→ **Your instructions**:
Begin the copy at the line that contains "Régi, üveg fekete virág mintás váza", end it at the last line of the entries below, keep every word exact, and include no pictures.
** Opening The records block **
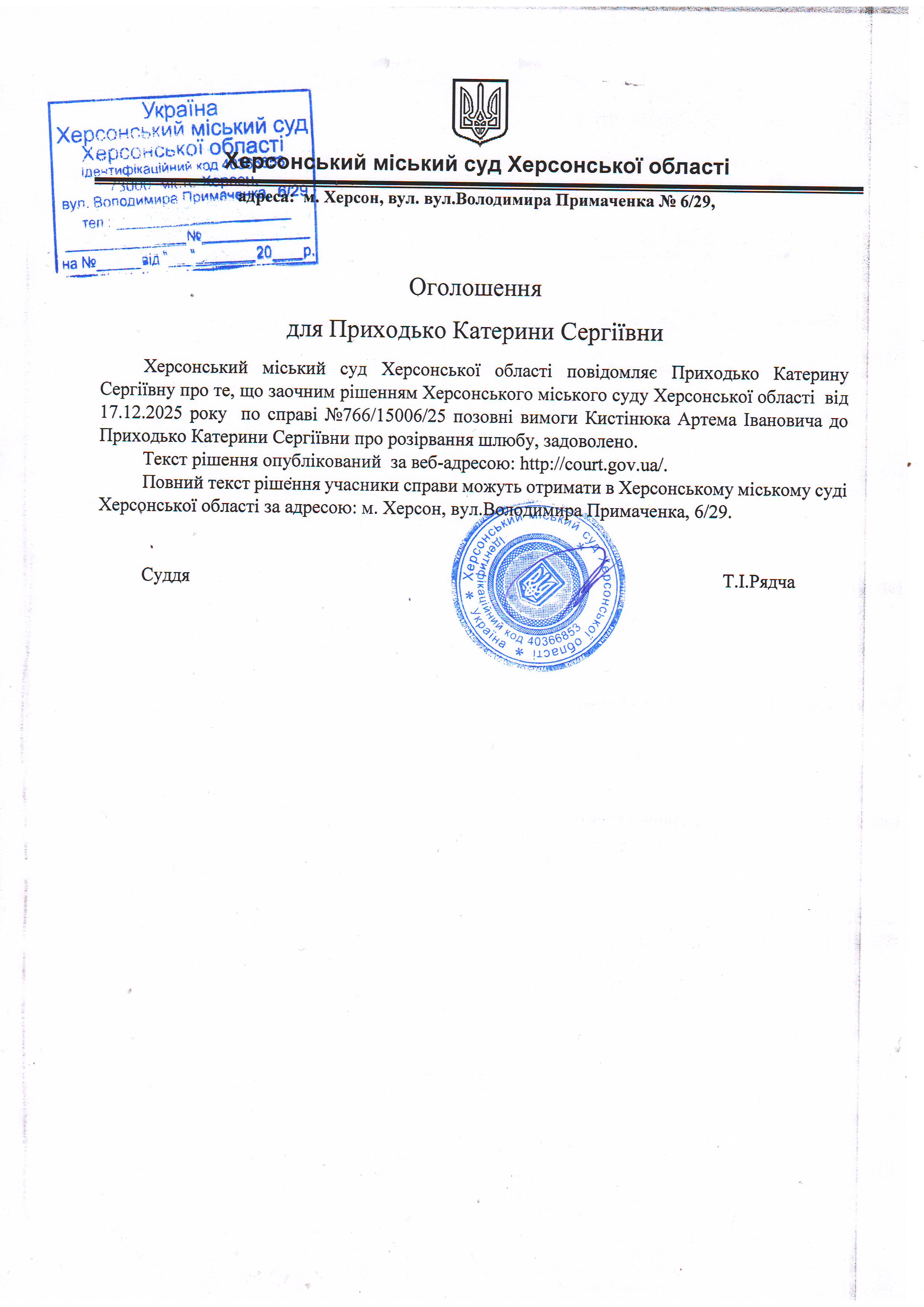 Оголошення для Приходько Катерини Сергіївни
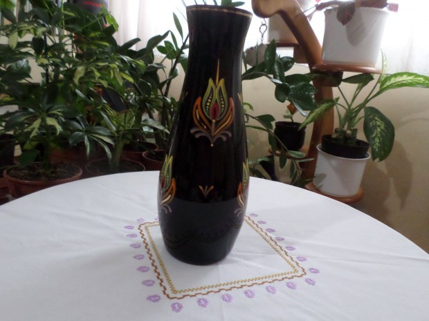 Régi, üveg fekete virág mintás váza
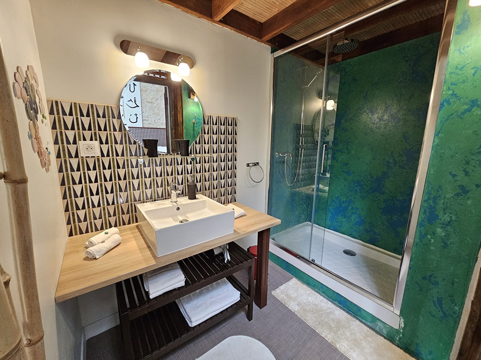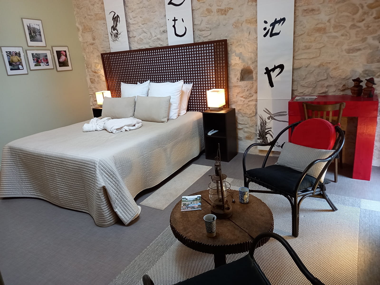 Maison de charme faite de pierre et de bois, décorée aux couleurs du monde. Les 3 chambres d'hôtes vous transportent au Japon, en Inde ou aux cœur des aurores boréales et permettent l'accueil de 10 personnes maximum. Chacune est dotée de toilettes séparées et d'une salle de douche privative. Pour permettre des séjours en famille ou entre amis, la chambre cabine, située à proximité des chambres Soleil Levant et Aurores Boréales, complète votre réservation et permet l'accueil de deux enfants en lits superposés.
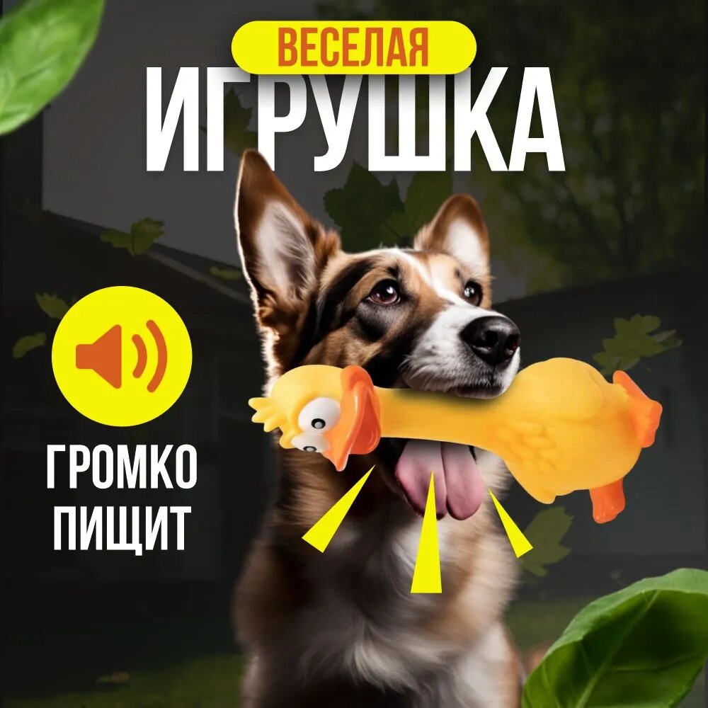 Игрушка для собак щенков "Желтая утка" 17 см; зоотовары для животных интересное:
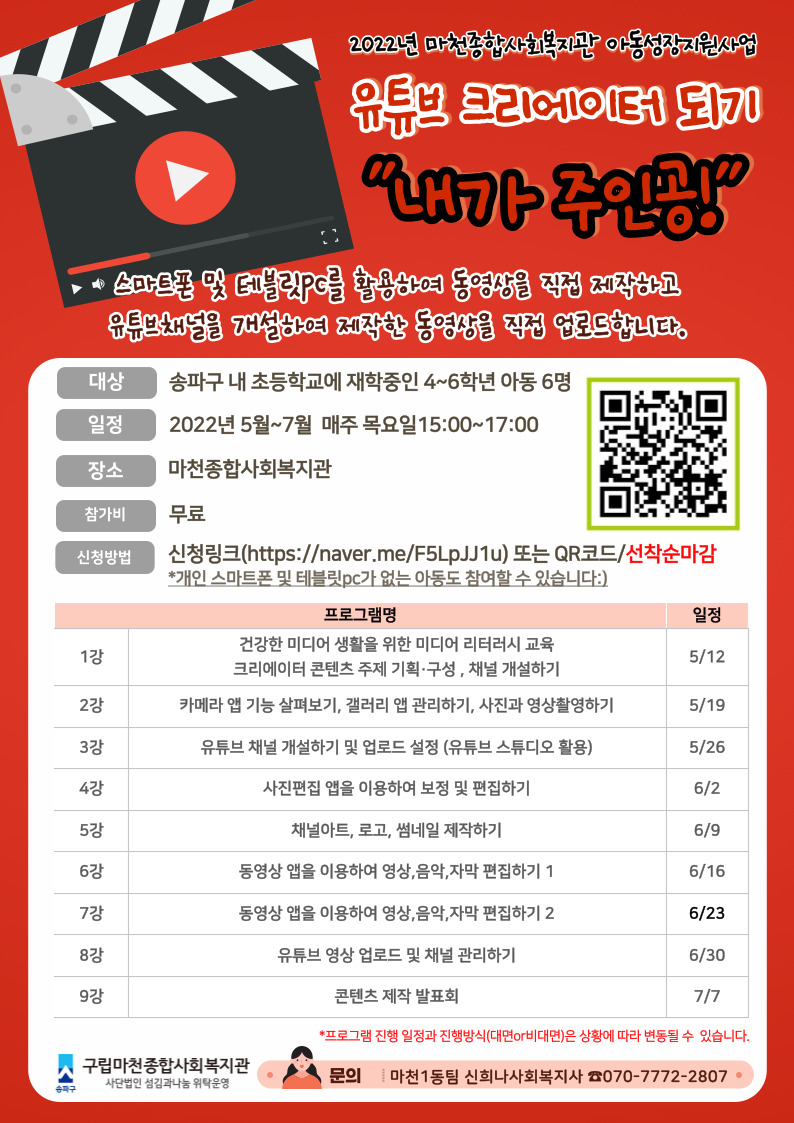 ¾È³çÇϼ¼¿ä, ¸¶ÃµÁ¾ÇÕ»çȸº¹Áö°ü ÀÔ´Ï´Ù!º» °ü¿¡¼´Â ¾Æµ¿ÀÇ °Ç°ÇÑ ¼ºÀå°ú ¹ß´ÞÀ» µµ¸ðÇϱâ À§ÇØ ¾Æµ¿¼ºÀåÁö¿ø»ç¾÷À» ÁøÇàÇϰí ÀÖ½À´Ï´Ù.¿Ã ÇØ´Â °Ç°ÇÑ ¹Ìµð¾î »ýȰÀ» À§ÇÑ ±³À°°ú, À¯Æ©ºê Å©¸®¿¡ÀÌÅÍ µÇ±â °ü·Ã ±³À°À» ÁøÇàÇÏ¿À´Ï°ü½ÉÀÖ´Â ¾Æµ¿Àº È«º¸Áö¸¦ Âü°íÇÏ½Ã¾î ½ÅÃ»ÇØÁֽñ⠹ٶø´Ï´Ù:)´ë»ó: ¼ÛÆÄ±¸ ³» ÃʵîÇб³¿¡ ÀçÇÐÁßÀÎ 4~6ÇгâÀÏÁ¤:2022.5¿ù~7¿ù/¸ÅÁÖ ¸ñ¿äÀÏ 15:00~17:00 *»ó¼¼³»¿ë ÷ºÎÆÄÀÏ Âü°í½Åû¹æ¹ý: ½Åû¸µÅ©(https://naver.me/F5...
** Closing The records block **
→ **Exercise solution**:
 Régi, üveg fekete virág mintás váza
 Maison de charme faite de pierre et de bois, décorée aux couleurs du monde. Les 3 chambres d'hôtes vous transportent au Japon, en Inde ou aux cœur des aurores boréales et permettent l'accueil de 10 personnes maximum. Chacune est dotée de toilettes séparées et d'une salle de douche privative. Pour permettre des séjours en famille ou entre amis, la chambre cabine, située à proximité des chambres Soleil Levant et Aurores Boréales, complète votre réservation et permet l'accueil de deux enfants en lits superposés.
 Игрушка для собак щенков "Желтая утка" 17 см; зоотовары для животных интересное:
 ¾È³çÇϼ¼¿ä, ¸¶ÃµÁ¾ÇÕ»çȸº¹Áö°ü ÀÔ´Ï´Ù!º» °ü¿¡¼´Â ¾Æµ¿ÀÇ °Ç°ÇÑ ¼ºÀå°ú ¹ß´ÞÀ» µµ¸ðÇϱâ À§ÇØ ¾Æµ¿¼ºÀåÁö¿ø»ç¾÷À» ÁøÇàÇϰí ÀÖ½À´Ï´Ù.¿Ã ÇØ´Â °Ç°ÇÑ ¹Ìµð¾î »ýȰÀ» À§ÇÑ ±³À°°ú, À¯Æ©ºê Å©¸®¿¡ÀÌÅÍ µÇ±â °ü·Ã ±³À°À» ÁøÇàÇÏ¿À´Ï°ü½ÉÀÖ´Â ¾Æµ¿Àº È«º¸Áö¸¦ Âü°íÇÏ½Ã¾î ½ÅÃ»ÇØÁֽñ⠹ٶø´Ï´Ù:)´ë»ó: ¼ÛÆÄ±¸ ³» ÃʵîÇб³¿¡ ÀçÇÐÁßÀÎ 4~6ÇгâÀÏÁ¤:2022.5¿ù~7¿ù/¸ÅÁÖ ¸ñ¿äÀÏ 15:00~17:00 *»ó¼¼³»¿ë ÷ºÎÆÄÀÏ Âü°í½Åû¹æ¹ý: ½Åû¸µÅ©(https://naver.me/F5...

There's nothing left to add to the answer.